March 5, 2021

Its Forecast Dim, Fed Vows to Keep Rates Near Zero

It is now conventional wisdom among forecasters that the economy will plod along through the end of President Obama’s first term in office. Millions of Americans will not find work. Wages will not rise substantially.

By its action, the Fed is declaring that it, too, sees little prospect of rapid growth and little risk of inflation. Its hope is that the showman’s gesture will spur investment and risk-taking by convincing markets that the cost of borrowing will not rise for at least two years.

The Fed’s statement, with its mix of grim tidings and welcome aid, contributed to wild market oscillations as investors struggled to make sense of the economy and the path ahead. The day ended in a huge upward surge on the New York Stock Exchange — the second busiest day this year after the record volume on Monday, during a deep sell-off — that could not be tallied completely until well after the markets had closed.

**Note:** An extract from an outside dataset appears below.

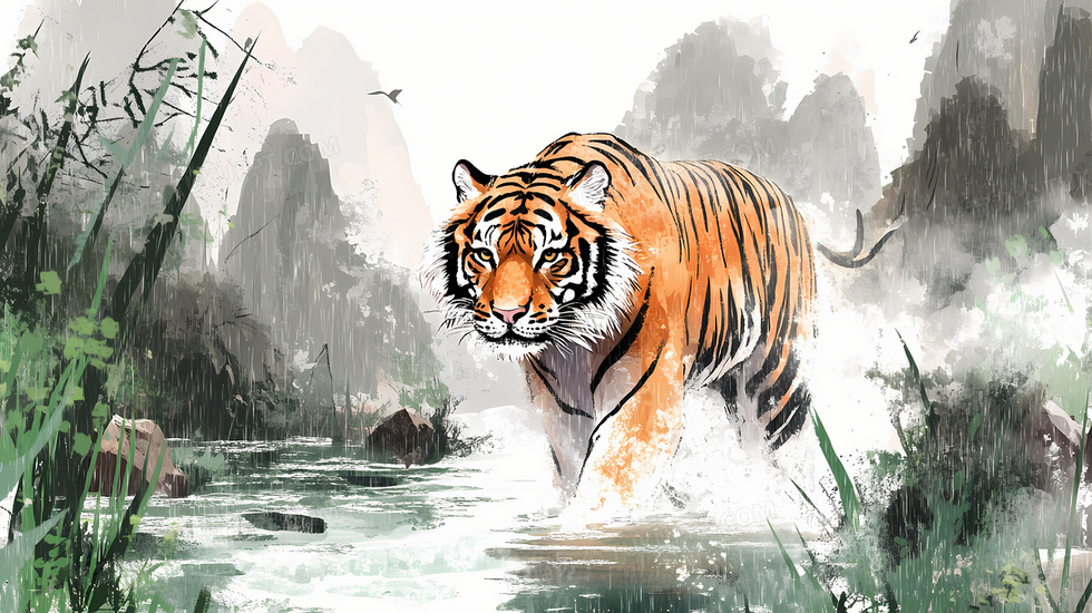 本作品内容为中国风水墨动物山中老虎插画, 格式为 jpg, 大小6 MB, 图片尺寸为2912 x 1632, 源文件无水印, 欢迎使用熊猫办公。 如认为平台内容涉嫌侵权,可通过邮件:tousu@tukuppt.com提出书面通知,我们将及时处理。

The Dow swung as much as 600 points in the wake of the Fed statement, at first sinking over 200 points. But after traders absorbed the decision, they quickly reversed course, and the Dow closed the day up 429 points, or 4 percent, to 11,239.77, as some investors expressed hope that the pledge to keep interest rates low could relieve some of the gloom over the economic outlook.

“The economy is in tough shape and the Fed had a difficult job of showing that they understood that without appearing to be alarmist,” said Steven Lear, who helps to manage a $150 billion fixed-income portfolio for J.P. Morgan Asset Management. “We think that they’ve played that hand about as well as they could.”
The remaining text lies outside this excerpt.